A version is in this [F-Tag crosswalk Excel file](https://www.cms.gov/Medicare/Provider-Enrollment-and-Certification/GuidanceforLawsAndRegulations/Downloads/F-Tag-Crosswalk.xlsx). This is the data we are importing now and that will be adding to the SOD dataset later in the script:

In [4]:
df_tags_orig = pd.read_excel('../A_source_data/CMS/LTC FTags_Phase 2_Crosswalk.xlsx',
                             sheet_name='Sortable by Tags', usecols='A:H')
df_tags_orig.columns = ['tag', 'sqc_tag?', 'tag_title', 'cfr', 'tag_group', 'phase3', 'tag_old', 'moved_text']

So now we have a data frame that contains all the deficiencies found in all surveys carried out, and another dataframe that contains detailed information about the tags used to classify those deficiencies. We need to join both dataframes.

## Severity code descriptions

The SOD dataframe also contains codes for the severity of each deficiency, but not a description of the severity level of each of those codes. Those descriptions can be found in the docment [Design for Nursing Home Compare
Five-Star Quality Rating System:
Technical Users’ Guide](https://www.cms.gov/Medicare/Provider-Enrollment-and-Certification/CertificationandComplianc/downloads/usersguide.pdf).
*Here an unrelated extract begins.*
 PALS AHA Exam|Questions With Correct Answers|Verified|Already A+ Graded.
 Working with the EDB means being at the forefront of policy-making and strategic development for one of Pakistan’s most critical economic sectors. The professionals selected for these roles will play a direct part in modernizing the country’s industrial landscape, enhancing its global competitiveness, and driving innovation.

The following mapping is based on that document:

In [5]:
severity = [['A', 'No actual harm with potential for minimal harm - Isolated'],
            ['B', 'No actual harm with potential for minimal harm - Pattern'],
            ['C', 'No actual harm with potential for minimal harm - Widespread'],
            ['D', 'No actual harm with potential for more than minimal harm that is not immediate jeopardy - Isolated'],
            ['E', 'No actual harm with potential for more than minimal harm that is not immediate jeopardy - Pattern'],
            ['F', 'No actual harm with potential for more than minimal harm that is not immediate jeopardy - Widespread'],
            ['G', 'Actual harm that is not immediate jeopardy - Isolated'],
            ['H', 'Actual harm that is not immediate jeopardy - Pattern'],
            ['I', 'Actual harm that is not immediate jeopardy - Widespread'],
            ['J', 'Immediate jeopardy to resident health or safety - Isolated'],
            ['K', 'Immediate jeopardy to resident health or safety - Pattern'],
            ['L', 'Immediate jeopardy to resident health or safety - Widespread']]
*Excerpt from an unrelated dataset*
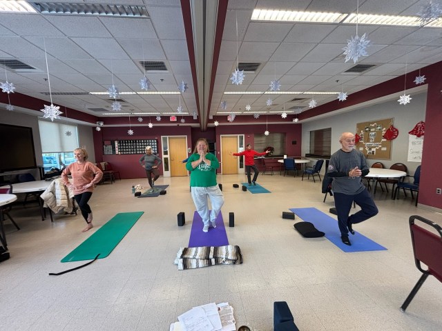Doherty’s yoga class is an “all levels practice.” It is not necessarily in a chair, unlike the Wednesday classes at the Senior Center. Participants may be standing, on their hands and knees or seated. Doherty said she was advised to avoid too many planks or heavy upper-body exercises.

severity = pd.DataFrame(severity, columns=['scope_severity', 'severity_desc'])
severity

# Consitency test
assert set(df_sod_wa_orig['scope_severity']).issubset(set(severity['scope_severity']))

# III. Processing

In [6]:
# Create working copy
df_sod_wa = df_sod_wa_orig.copy()

# Add the severity descriptions
df_sod_wa = df_sod_wa.join(severity.set_index('scope_severity'), on='scope_severity', how='left')
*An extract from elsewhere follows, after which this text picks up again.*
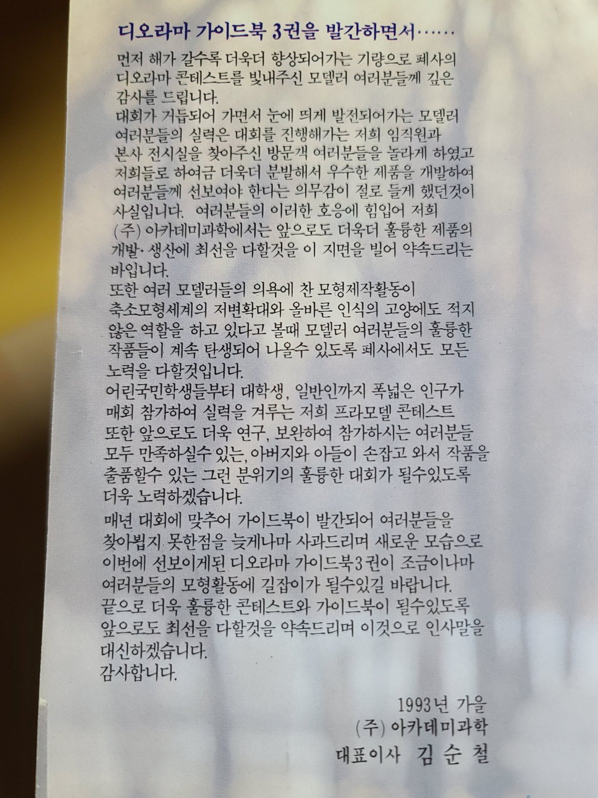 디오라마 가이드북 & 콘테스트작품집 3권 인사말

# Create a proper date column
df_sod_wa['inspection_dt'] = pd.to_datetime(df_sod_wa['inspection_date'])

# Eliminate unnecesary fields and reset index
df_sod_wa = df_sod_wa.drop(['address', 'city', 'state', 'zip', 'cms_region',
                            'inspection_date', 'inspection_text'], axis=1)
df_sod_wa = df_sod_wa.drop_duplicates().reset_index(drop=True)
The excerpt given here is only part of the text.